МИНИСТЕРСТВО ЗДРАВООХРАНЕНИЯ РОССИЙСКОЙ ФЕДЕРАЦИИ
ПИСЬМО
от 16 января 2017 г. N 20-3/41
КонсультантПлюс: примечание.
В официальном тексте документа, видимо, допущена опечатка: имеется ввиду информационное письмо ФГБУ «НЦЭСМП» Минздрава России от 10.01.2017 N 105, а не от 11.01.2017 N 2001586.
В связи с письмом ФГБУ «Научный центр экспертизы средств медицинского применения» Минздрава России от 11.01.2017 N 2001586 Министерство здравоохранения Российской Федерации сообщает о необходимости внесения изменений в инструкции по применению зарегистрированных в Российской Федерации лекарственных препаратов для медицинского применения, содержащих в качестве действующего вещества гидроксиэтилкрахмал (ГЭК), согласно актуальной информации об опыте их клинического применения.
Директор Департамента
государственного регулирования
обращения лекарственных средств
А.Г.ЦЫНДЫМЕЕВ
МИНИСТЕРСТВО ЗДРАВООХРАНЕНИЯ РОССИЙСКОЙ ФЕДЕРАЦИИ
ФЕДЕРАЛЬНОЕ ГОСУДАРСТВЕННОЕ БЮДЖЕТНОЕ УЧРЕЖДЕНИЕ «НАУЧНЫЙ ЦЕНТР ЭКСПЕРТИЗЫ СРЕДСТВ МЕДИЦИНСКОГО ПРИМЕНЕНИЯ»
ИНФОРМАЦИОННОЕ ПИСЬМО
от 10 января 2017 г.
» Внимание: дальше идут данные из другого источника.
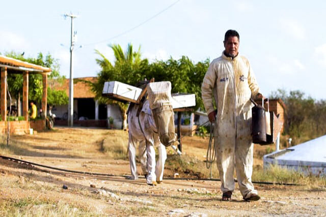 Equipado com um traje anti-abelha feito pelo próprio dono, Boneco é um jumento apicultor que participa da colheita e do transporte de mel no sertão cearense, unindo proteção, logística e parceria no campo.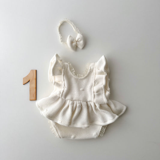 Newborn Floral Romper with Ruffles + Headband – Photography Prop Set

N 105
В соответствии с актуальной информацией об опыте клинического применения препаратов, содержащих в качестве действующего вещества гидроксиэтилкрахмал (ГЭК), и в связи с появлением новых сведений по безопасности и эффективности их применения, отраженных в действующих инструкциях препаратов ГЭК, зарегистрированных в Европейском союзе (см. Приложение 2), считаем необходимым пересмотреть и унифицировать информацию в разделах: «Показания к применению», «Противопоказания», «Способ применения и дозы» (максимальная разрешенная доза и допустимость применения у детей) для всех препаратов на основе ГЭК (независимо от концентрации, молекулярной массы и степени замещения), зарегистрированных на территории РФ. В связи с этим обозначенные разделы инструкции по применению должны содержать информацию, представленную в Приложении 1.
Первый заместитель
генерального директора
М.Е.КОЛТАЧУК
Приложение 1
ИНФОРМАЦИЯ
ДЛЯ ВКЛЮЧЕНИЯ В ИНСТРУКЦИИ ПО МЕДИЦИНСКОМУ ПРИМЕНЕНИЮ ПРЕПАРАТОВ ГИДРОКСИЭТИЛКРАХМАЛА (ГЭК)
Показания к применению.
Лечение гиповолемии при острой кровопотере, если применение растворов кристаллоидов является недостаточным. Противопоказания.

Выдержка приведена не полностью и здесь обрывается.